**Exercise requirements**
For the material below, set down exactly the lines between the one containing "❶椅子に浅く座り、あごを引き" and the last line, both included, leaving every picture out.

**Given records**

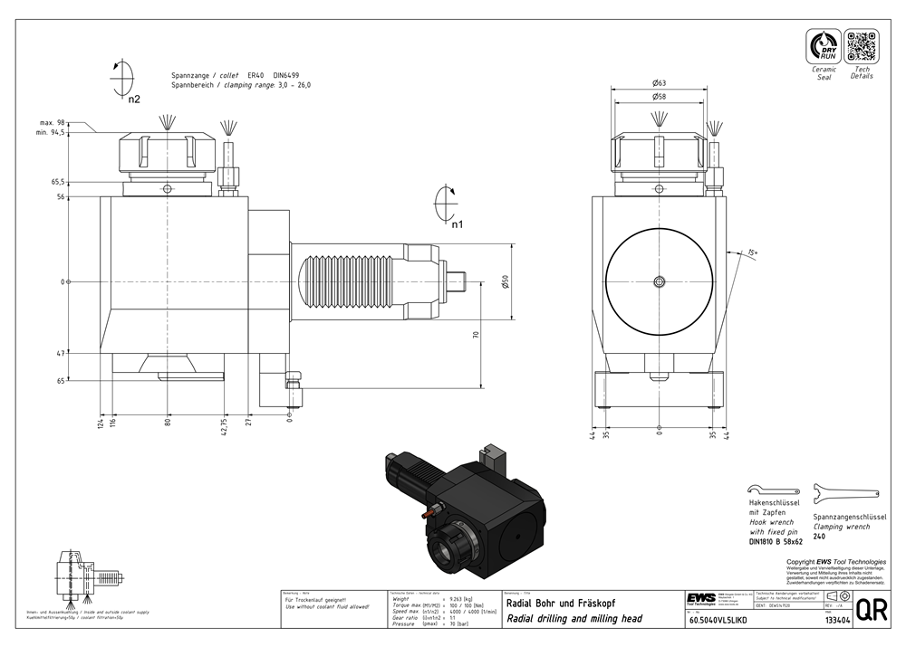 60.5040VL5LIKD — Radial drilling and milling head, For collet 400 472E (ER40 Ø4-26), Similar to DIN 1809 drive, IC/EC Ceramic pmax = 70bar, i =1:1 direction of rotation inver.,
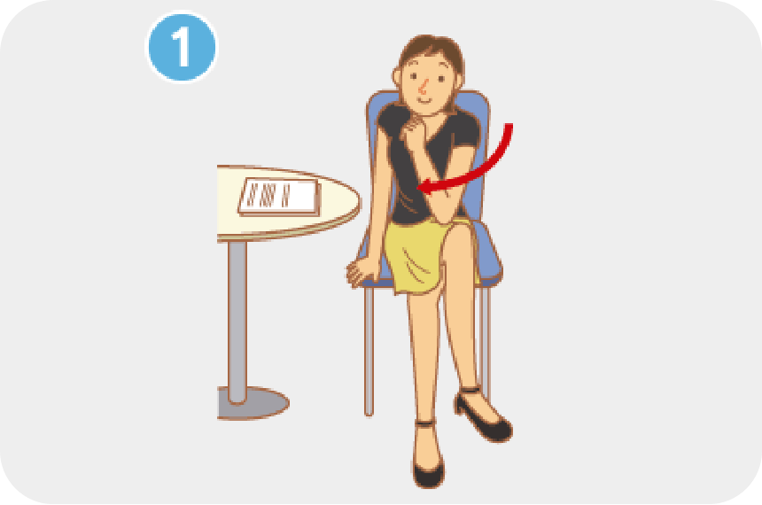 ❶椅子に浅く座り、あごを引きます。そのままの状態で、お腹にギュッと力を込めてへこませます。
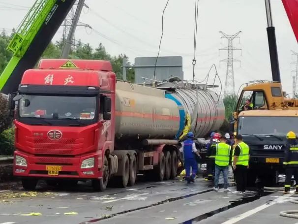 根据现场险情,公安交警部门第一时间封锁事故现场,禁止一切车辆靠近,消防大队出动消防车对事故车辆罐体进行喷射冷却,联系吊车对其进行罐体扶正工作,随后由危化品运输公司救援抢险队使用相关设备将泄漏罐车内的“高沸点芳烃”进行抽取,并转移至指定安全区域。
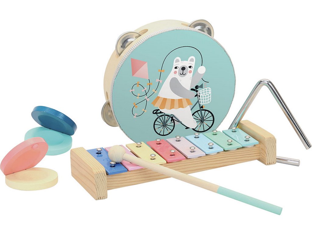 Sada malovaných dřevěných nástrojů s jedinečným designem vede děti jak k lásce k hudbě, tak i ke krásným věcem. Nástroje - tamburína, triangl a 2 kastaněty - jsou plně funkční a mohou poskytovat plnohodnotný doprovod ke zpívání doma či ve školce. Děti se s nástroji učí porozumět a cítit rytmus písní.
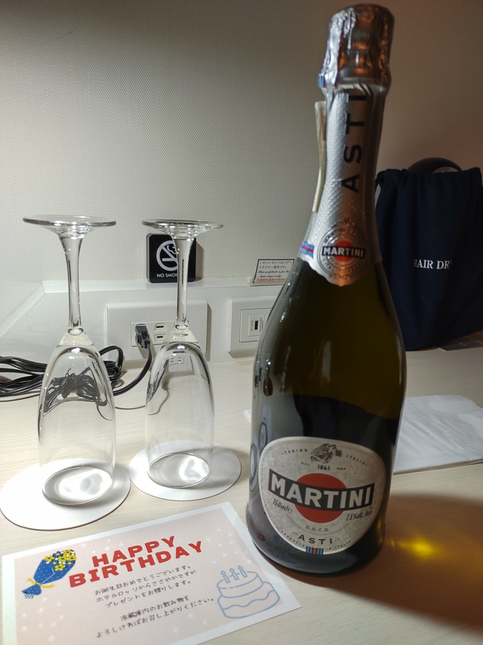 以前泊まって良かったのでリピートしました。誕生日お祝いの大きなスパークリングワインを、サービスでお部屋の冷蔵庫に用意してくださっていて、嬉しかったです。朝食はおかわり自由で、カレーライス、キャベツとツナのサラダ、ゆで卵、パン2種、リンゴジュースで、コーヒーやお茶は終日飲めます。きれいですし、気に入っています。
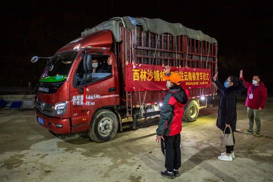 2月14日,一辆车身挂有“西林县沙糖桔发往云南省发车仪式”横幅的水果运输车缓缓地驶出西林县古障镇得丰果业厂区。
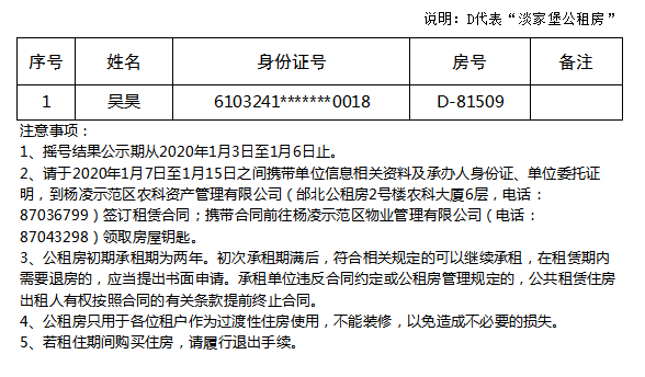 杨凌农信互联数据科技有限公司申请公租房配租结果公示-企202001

**Response to this task**
 ❶椅子に浅く座り、あごを引きます。そのままの状態で、お腹にギュッと力を込めてへこませます。
 根据现场险情,公安交警部门第一时间封锁事故现场,禁止一切车辆靠近,消防大队出动消防车对事故车辆罐体进行喷射冷却,联系吊车对其进行罐体扶正工作,随后由危化品运输公司救援抢险队使用相关设备将泄漏罐车内的“高沸点芳烃”进行抽取,并转移至指定安全区域。
 Sada malovaných dřevěných nástrojů s jedinečným designem vede děti jak k lásce k hudbě, tak i ke krásným věcem. Nástroje - tamburína, triangl a 2 kastaněty - jsou plně funkční a mohou poskytovat plnohodnotný doprovod ke zpívání doma či ve školce. Děti se s nástroji učí porozumět a cítit rytmus písní.
 以前泊まって良かったのでリピートしました。誕生日お祝いの大きなスパークリングワインを、サービスでお部屋の冷蔵庫に用意してくださっていて、嬉しかったです。朝食はおかわり自由で、カレーライス、キャベツとツナのサラダ、ゆで卵、パン2種、リンゴジュースで、コーヒーやお茶は終日飲めます。きれいですし、気に入っています。
 2月14日,一辆车身挂有“西林县沙糖桔发往云南省发车仪式”横幅的水果运输车缓缓地驶出西林县古障镇得丰果业厂区。
 杨凌农信互联数据科技有限公司申请公租房配租结果公示-企202001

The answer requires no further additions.